OK, need help on this one.

Machine: 2001 Bobcat 863G
Hours: around 3300hrs

Here is my deal:

My headlights will only turn on and off if they feel that it is a good time for them. You can press the button 1000 times, and only on the 1001st time will the lights turn on. The next time, on the 6th time, they will come on. Next time, 100 pushes.

Here is what I have tried:
Checked the Fuses
Checked the Relays
Swapped the overhead panel out with a known working panel out of another machine

But I can tell you this. The other night, we were moving snow and I had to have the lights, so here is what I did.

I popped out a headlight, took a wire from the 12v+ on the headlight plug of the harness, and applied 12v+ from the battery to it. The other headlight light came on, as soon as I removed the 12v+ the light shut off. So I re-applied the 12v+ to the plug and reached in and pressed the headlight button 2 times. This caused the other light to turn on and the rear lights to turn on. I pluged the light that I had pulled back in and we worked the rest of the night. When it came time to load up, I didn't want the headlights on on the trailer, so I tired to push the button to shut the lights off and they wouldn't even shut off.

Now, before I get a bunch of you have a bad 12v+ power to the button responces, I understand that it is most likely that. I have enough knowledge to reverse the power from the battery and back feed the lights to get them on in a pinch. I understand electric. I need a little help figuring out where to even start looking in the loom to find what wire is bad.

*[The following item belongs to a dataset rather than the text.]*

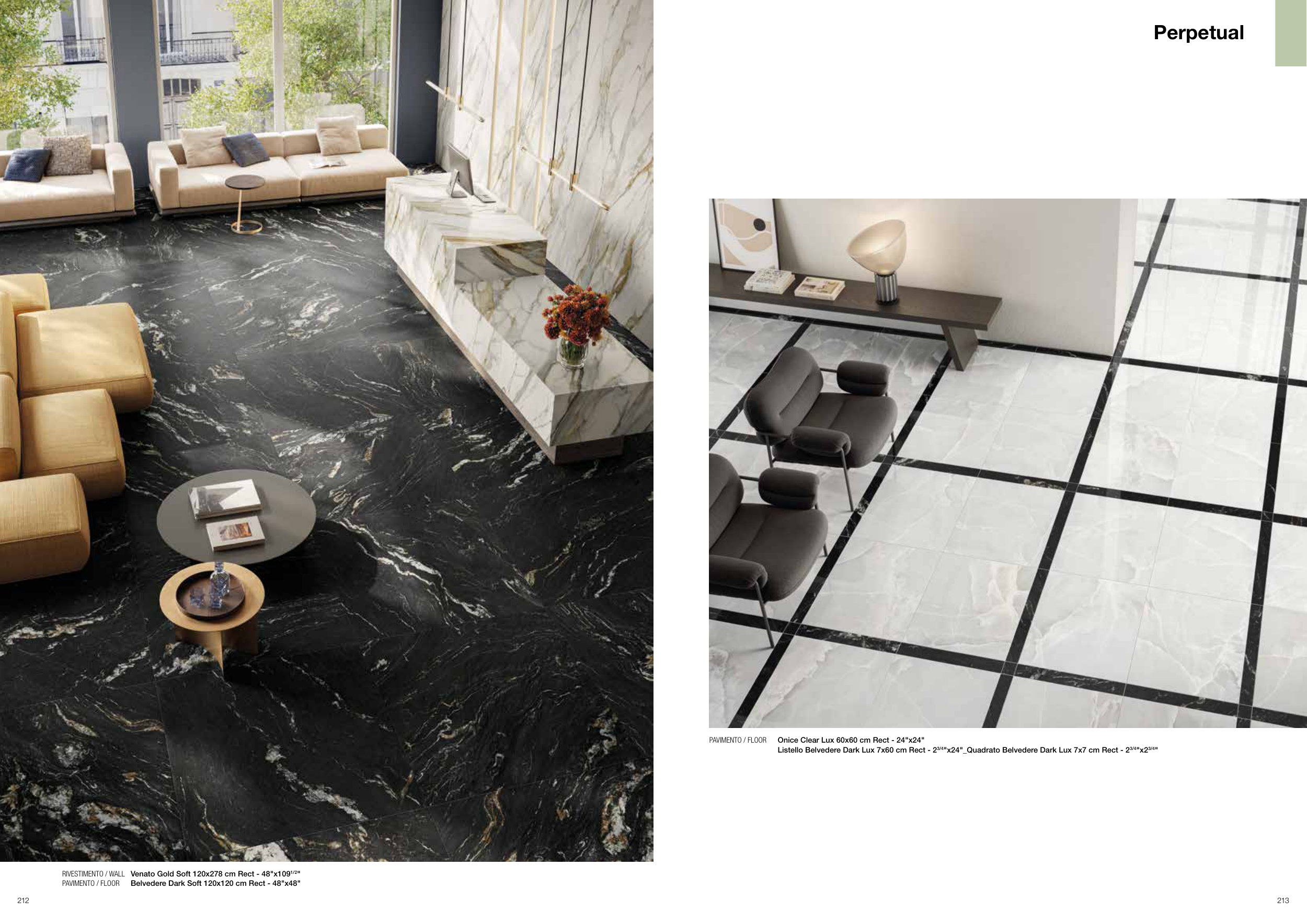 Listello Belvedere Dark Lux 7x60 cm Rect - 23/4"x24"_Quadrato Belvedere Dark Lux 7x7 cm Rect - 23/4"x23/4"

And, if it is a bad 12v+ to the switch, why would all the other features like the "bucket positioning" "high flow" "variable and max flow" buttons work just fine??

Any help would be great.


----------



## Omran

check for any corrosion, I had same problem last summer and bobcat dealer found that for me after I west hours trying to fix it on my own.


----------



## paponte

Yes, I would check the connections for either being corroded or loose first. Chances of a wire just going bad are slim, unless they are rubbing or pinched.


----------



## battags

Any update on this old thread? I'm having similar issues.


----------



## Philbilly2

battags;1898670 said:


> Any update on this old thread? I'm having similar issues.

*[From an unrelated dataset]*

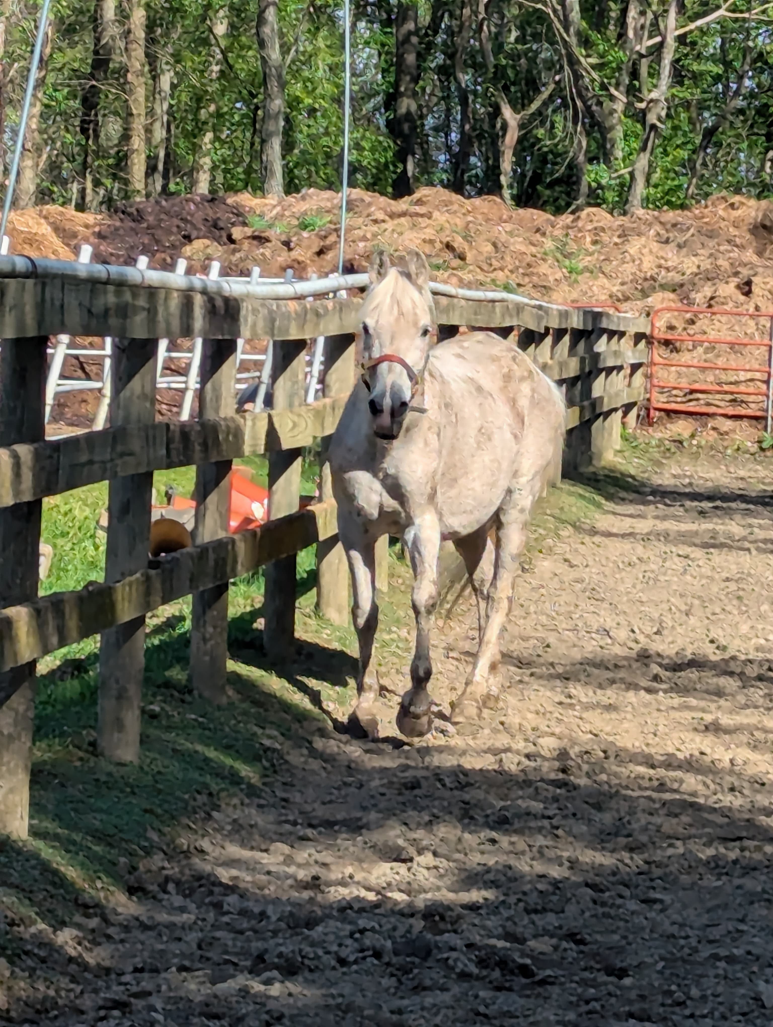 I am in contact with her owner without anyone playing messenge for us now, so care and stuff will be much easier to coordinate. I found out Sandy is 26, not 30. I was also told that I can ride her any time as long as she’s in the condition for it. She’s not close to being in riding shape and never may be in riding shape, but that doesn’t matter to me. I don’t need to ride her. I just want her to be happy and healthy and have the best old age she can.

I fixed it by selling the machine and buying a new cat machine.


----------



## miguel22

Philbilly2 said:


> OK, need help on this one.
> 
> Machine: 2001 Bobcat 863G
> Hours: around 3300hrs
> 
> Here is my deal:
> 
> My headlights will only turn on and off if they feel that it is a good time for them. You can press the button 1000 times, and only on the 1001st time will the lights turn on. The next time, on the 6th time, they will come on. Next time, 100 pushes.
> 
> Here is what I have tried:
> Checked the Fuses
> Checked the Relays
> Swapped the overhead panel out with a known working panel out of another machine
> 
> But I can tell you this. The other night, we were moving snow and I had to have the lights, so here is what I did.
> 
> I popped out a headlight, took a wire from the 12v+ on the headlight plug of the harness, and applied 12v+ from the battery to it. The other headlight light came on, as soon as I removed the 12v+ the light shut off. So I re-applied the 12v+ to the plug and reached in and pressed the headlight button 2 times. This caused the other light to turn on and the rear lights to turn on. I pluged the light that I had pulled back in and we worked the rest of the night. When it came time to load up, I didn't want the headlights on on the trailer, so I tired to push the button to shut the lights off and they wouldn't even shut off.
> 
> Now, before I get a bunch of you have a bad 12v+ power to the button responces, I understand that it is most likely that. I have enough knowledge to reverse the power from the battery and back feed the lights to get them on in a pinch. I understand electric. I need a little help figuring out where to even start looking in the loom to find what wire is bad.
> 
> And, if it is a bad 12v+ to the switch, why would all the other features like the "bucket positioning" "high flow" "variable and max flow" buttons work just fine??
> 
> Any help would be great.


My lights will not come on at all. I cannot find any documentation on where the fuses are, can you help?


----------



## Philbilly2

miguel22 said:


> My lights will not come on at all. I cannot find any documentation on where the fuses are, can you help?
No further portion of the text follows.